**WHAT IS REQUIRED**
The expected output is exactly the lines below, starting at the line with "wszyscy odświętnie ubrani" and ending at the line with "När mörkret lagt", both included; no other line belongs in it.

**SOURCE INFORMATION**

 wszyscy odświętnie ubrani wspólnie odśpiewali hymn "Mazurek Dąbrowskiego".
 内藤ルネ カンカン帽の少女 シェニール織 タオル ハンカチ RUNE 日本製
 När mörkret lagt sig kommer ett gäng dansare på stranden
--
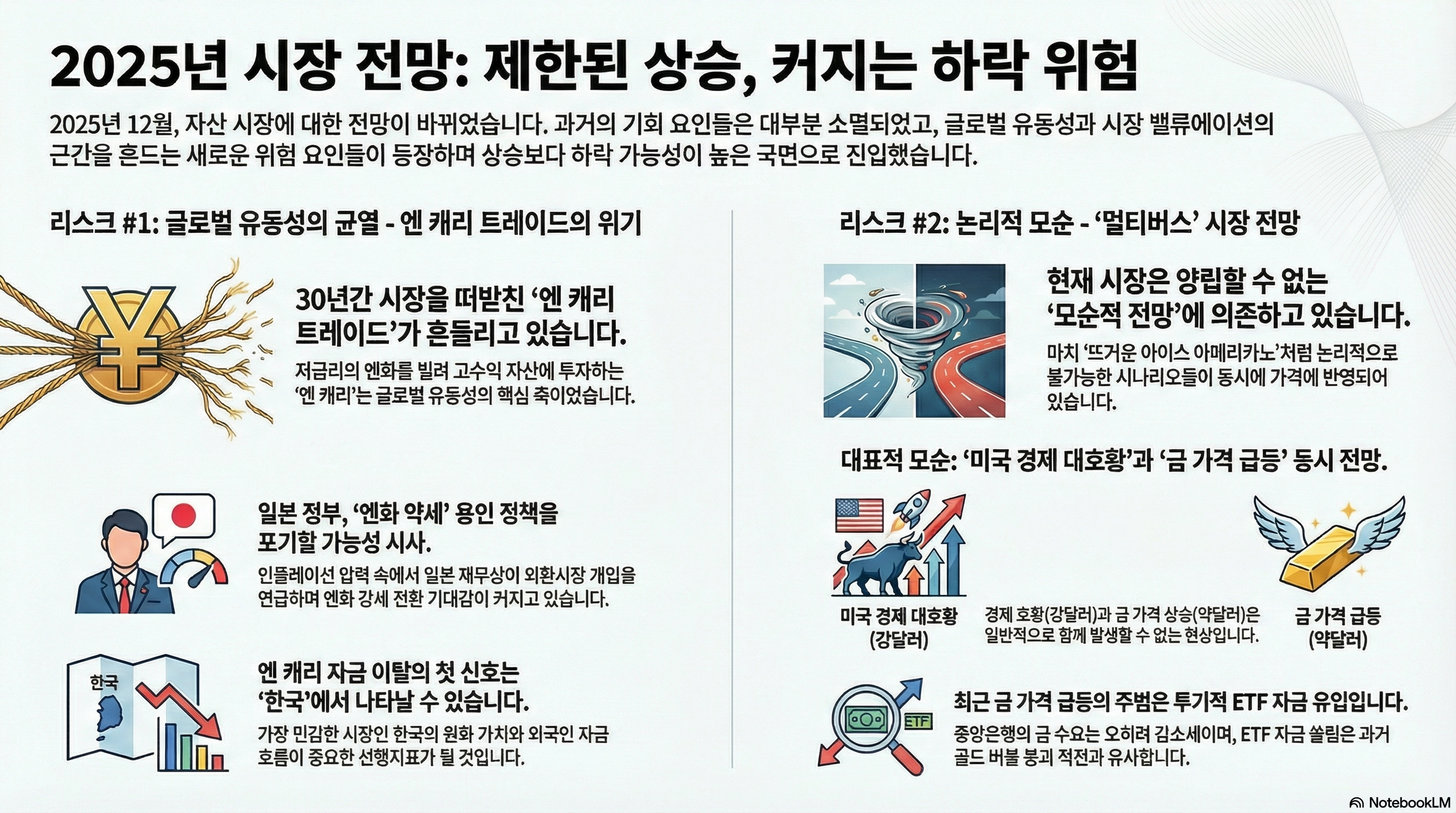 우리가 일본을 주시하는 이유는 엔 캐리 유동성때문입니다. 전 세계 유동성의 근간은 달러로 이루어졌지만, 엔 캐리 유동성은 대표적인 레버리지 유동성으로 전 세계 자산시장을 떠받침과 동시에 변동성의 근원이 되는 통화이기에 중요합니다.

**SOLUTION BELOW**
 wszyscy odświętnie ubrani wspólnie odśpiewali hymn "Mazurek Dąbrowskiego".
 内藤ルネ カンカン帽の少女 シェニール織 タオル ハンカチ RUNE 日本製
 När mörkret lagt sig kommer ett gäng dansare på stranden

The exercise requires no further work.